Feature request: Trust the wild type call when resolving overlap read mismatches

Question

Feature request: Trust the wild type call when resolving overlap read mismatches

hezscha opened this issue 4 years ago · 2 comments

Hi,
concerning mismatch resolution between overlap read pairs, my lab was wondering if it's possible to implement resolving them by assuming that the base that matches the wild type is true in addition to using the base call qualities?
We have a site saturation mutagenesis library that should be mostly single amino acid variants, so there is strong support that wild type is the correct call if the disagreeing bases from forward and reverse both have the same quality.

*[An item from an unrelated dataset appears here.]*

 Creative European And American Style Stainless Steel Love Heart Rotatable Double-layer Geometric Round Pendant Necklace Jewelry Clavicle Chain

Answer 1 · 2021-02-17T00:00:59.000Z

This is a good suggestion. I had originally planned to drop the overlapping paired end read mode in future projects, instead suggesting that users use FLASH2 or a similar program to calculate read overlaps, but this wild-type awareness could be a compelling reason to keep it around.

Answer 2 · 2021-12-09T23:22:09.000Z

@afrubin any thoughts on how Enrich2 will handle this moving forward?

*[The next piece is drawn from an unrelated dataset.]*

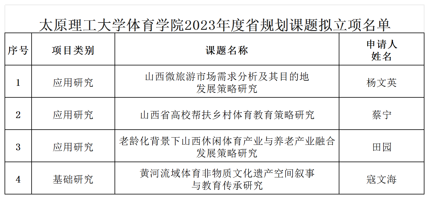 喜报:体育学院获批4项山西省哲学社会科学规划项目

I second @hezscha 's suggestion. I currently get a very high proportion of variant calls to "X" (~86%) with non-mutagenized (negative control) alignments. I see no reason not to resolve the variant if the base qualities are the same, especially if they are high. Unfortunately such high proportion of "X" calls makes the Overlap mode not useful for my case. Seems like the easiest work-around is to run in Basic mode with either R1 only or after merging pairs with PEAR, FLASH2, etc.